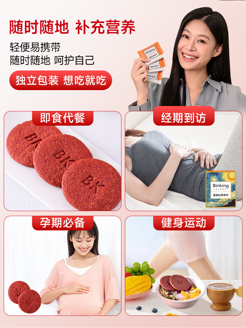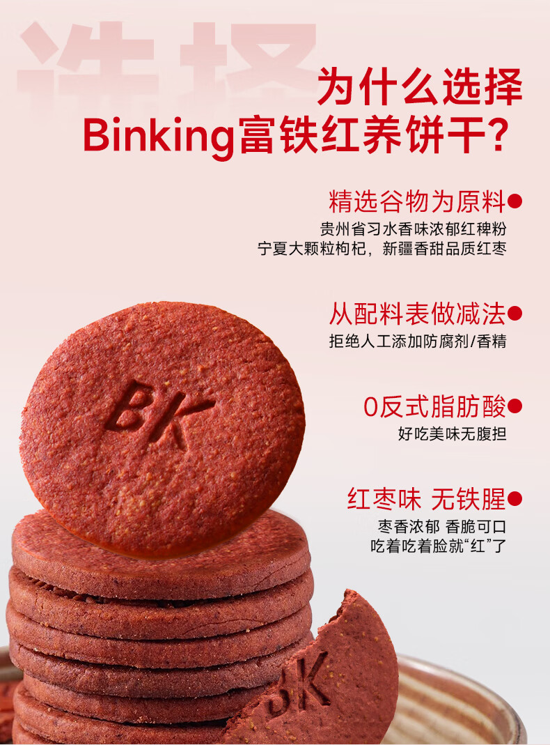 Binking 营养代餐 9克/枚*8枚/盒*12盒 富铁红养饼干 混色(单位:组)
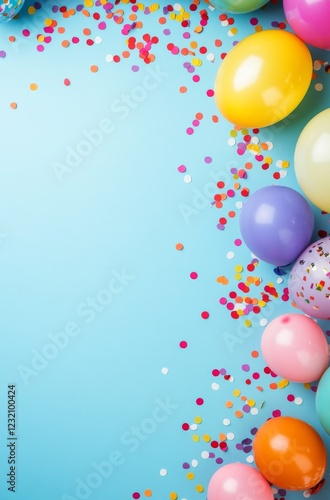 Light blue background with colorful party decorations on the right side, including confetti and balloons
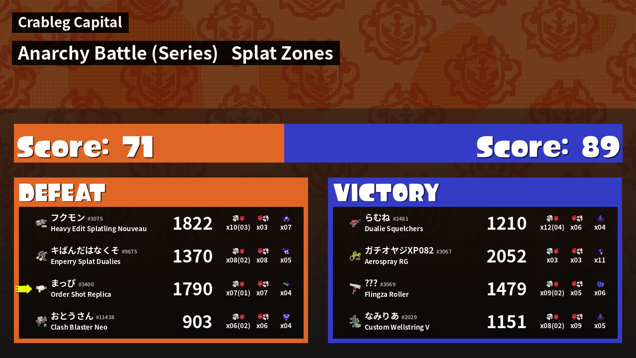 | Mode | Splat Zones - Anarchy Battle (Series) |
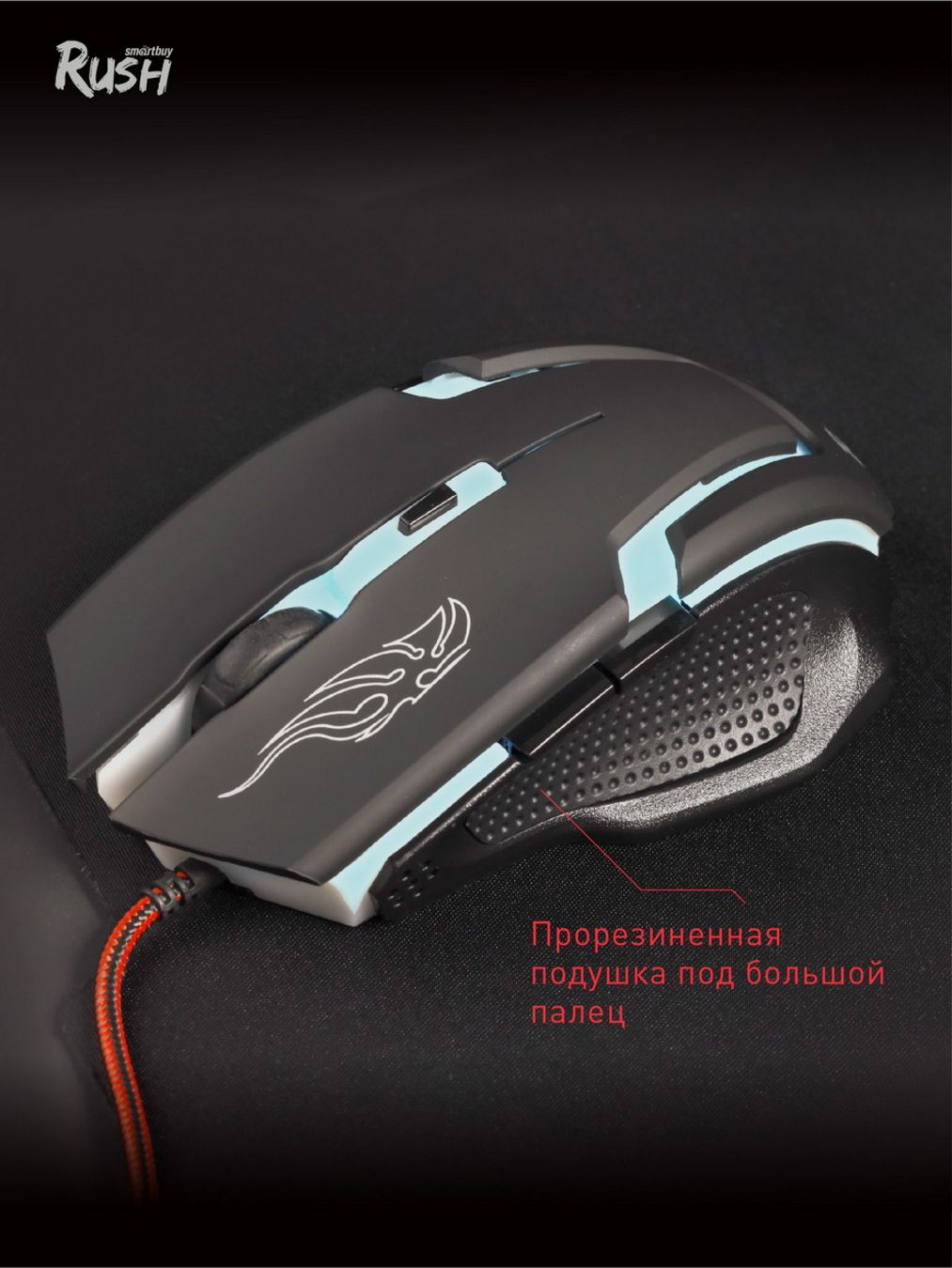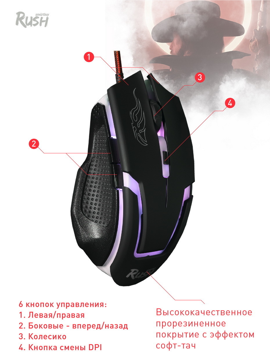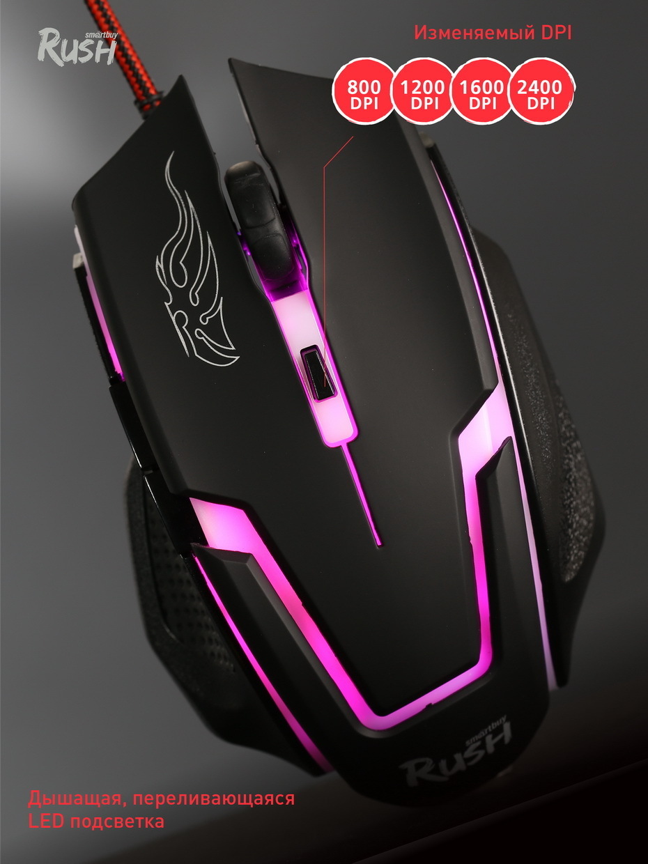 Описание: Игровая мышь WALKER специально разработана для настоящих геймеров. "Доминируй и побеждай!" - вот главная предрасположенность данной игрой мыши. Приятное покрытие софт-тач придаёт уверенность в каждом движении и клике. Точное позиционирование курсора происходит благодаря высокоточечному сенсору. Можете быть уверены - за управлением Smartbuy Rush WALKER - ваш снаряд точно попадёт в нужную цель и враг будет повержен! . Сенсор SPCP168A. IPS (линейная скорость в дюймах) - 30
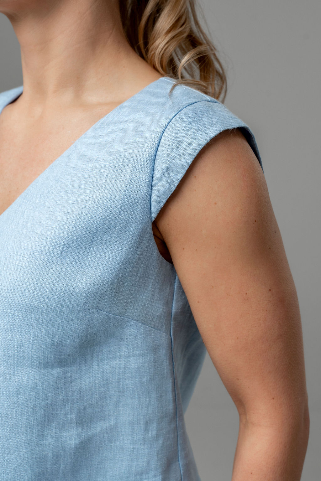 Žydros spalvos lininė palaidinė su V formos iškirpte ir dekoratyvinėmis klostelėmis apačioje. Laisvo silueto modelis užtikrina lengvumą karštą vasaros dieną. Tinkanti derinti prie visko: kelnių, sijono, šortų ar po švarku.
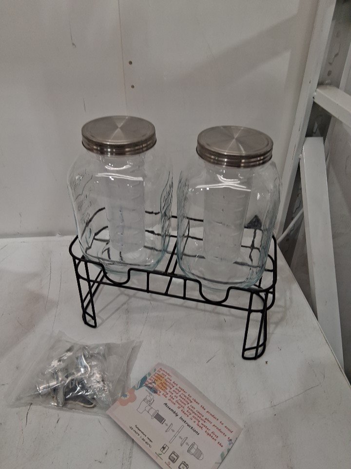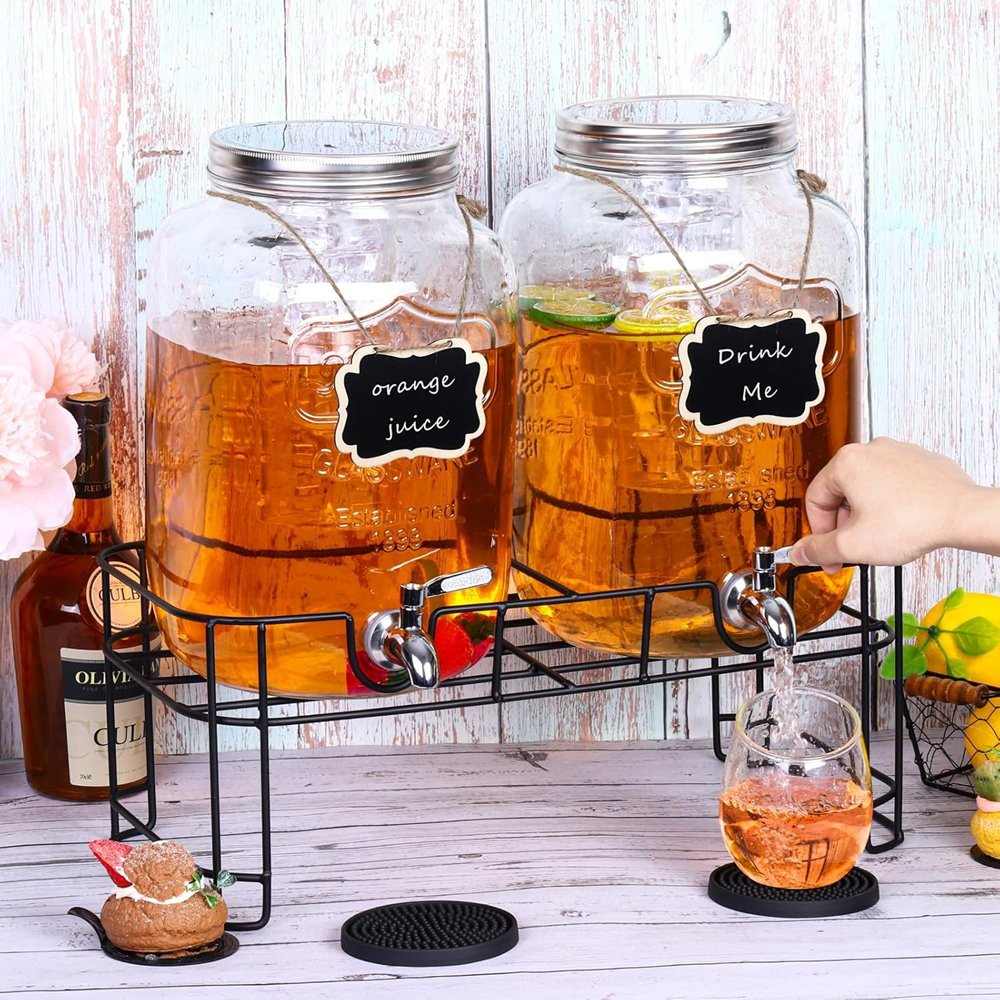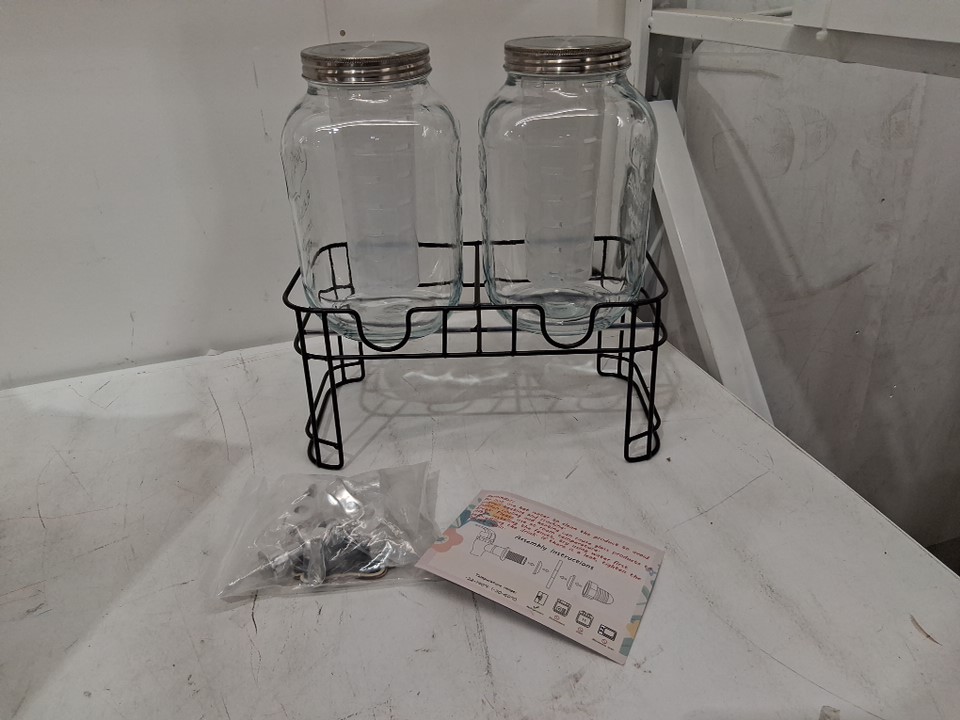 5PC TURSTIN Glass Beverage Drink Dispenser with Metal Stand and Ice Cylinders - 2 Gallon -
* * *
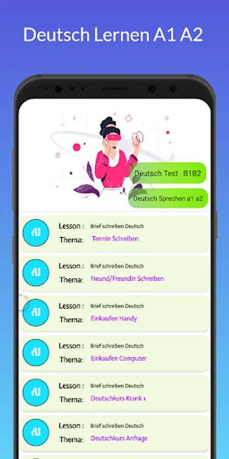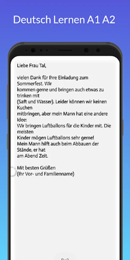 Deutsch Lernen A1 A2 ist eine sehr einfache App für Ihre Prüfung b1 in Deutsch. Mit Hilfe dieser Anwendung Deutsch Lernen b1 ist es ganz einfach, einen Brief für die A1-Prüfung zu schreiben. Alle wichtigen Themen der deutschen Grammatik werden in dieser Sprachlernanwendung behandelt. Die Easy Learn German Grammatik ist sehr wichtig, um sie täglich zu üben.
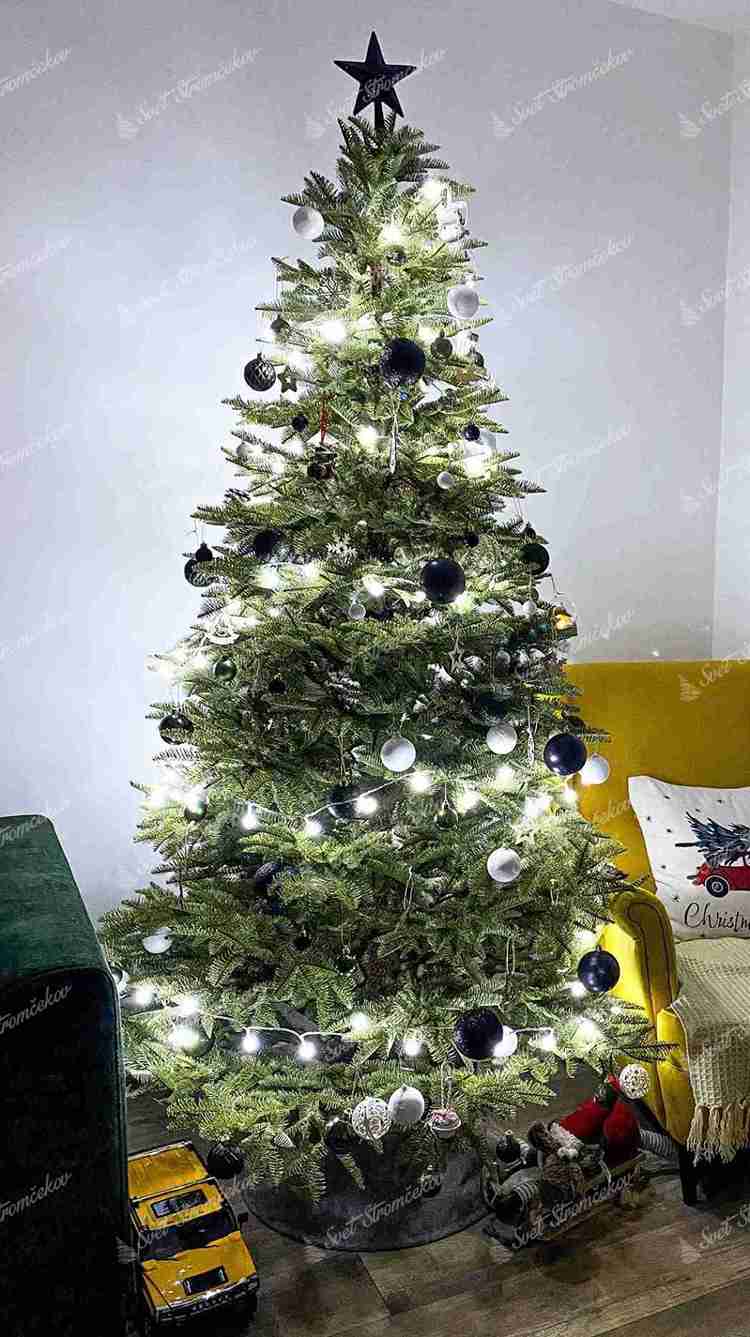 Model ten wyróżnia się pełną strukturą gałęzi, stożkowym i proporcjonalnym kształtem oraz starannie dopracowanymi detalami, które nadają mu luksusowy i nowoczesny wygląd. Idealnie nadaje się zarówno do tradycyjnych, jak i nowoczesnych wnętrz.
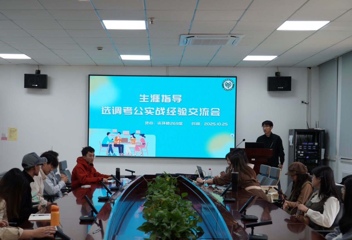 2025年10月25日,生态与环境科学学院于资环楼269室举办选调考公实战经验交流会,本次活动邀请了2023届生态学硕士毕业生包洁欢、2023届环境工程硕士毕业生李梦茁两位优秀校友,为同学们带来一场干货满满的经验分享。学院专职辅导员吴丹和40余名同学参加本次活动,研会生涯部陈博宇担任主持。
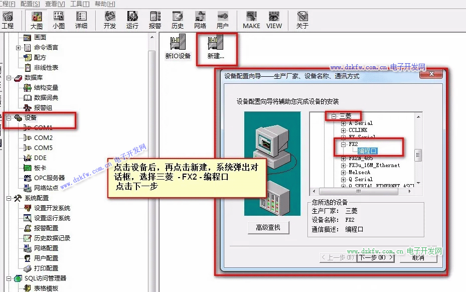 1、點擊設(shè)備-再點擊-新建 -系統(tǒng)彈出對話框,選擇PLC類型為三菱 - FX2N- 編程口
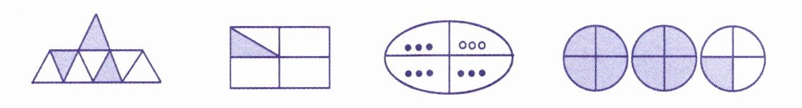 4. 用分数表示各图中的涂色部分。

> **TASK PROMPT**:
Please copy out from the data above, without any picture, exactly the lines running from the one that holds "Binking 营养代餐 9克/枚*8枚/盒*12盒 富铁红养饼干 混色(单位:组)" through the one that holds "5PC TURSTIN Glass", and nothing beyond them.

> **EXERCISE OUTPUT**:
 Binking 营养代餐 9克/枚*8枚/盒*12盒 富铁红养饼干 混色(单位:组)
 Light blue background with colorful party decorations on the right side, including confetti and balloons
 | Mode | Splat Zones - Anarchy Battle (Series) |
 Описание: Игровая мышь WALKER специально разработана для настоящих геймеров. "Доминируй и побеждай!" - вот главная предрасположенность данной игрой мыши. Приятное покрытие софт-тач придаёт уверенность в каждом движении и клике. Точное позиционирование курсора происходит благодаря высокоточечному сенсору. Можете быть уверены - за управлением Smartbuy Rush WALKER - ваш снаряд точно попадёт в нужную цель и враг будет повержен! . Сенсор SPCP168A. IPS (линейная скорость в дюймах) - 30
 Žydros spalvos lininė palaidinė su V formos iškirpte ir dekoratyvinėmis klostelėmis apačioje. Laisvo silueto modelis užtikrina lengvumą karštą vasaros dieną. Tinkanti derinti prie visko: kelnių, sijono, šortų ar po švarku.
 5PC TURSTIN Glass Beverage Drink Dispenser with Metal Stand and Ice Cylinders - 2 Gallon -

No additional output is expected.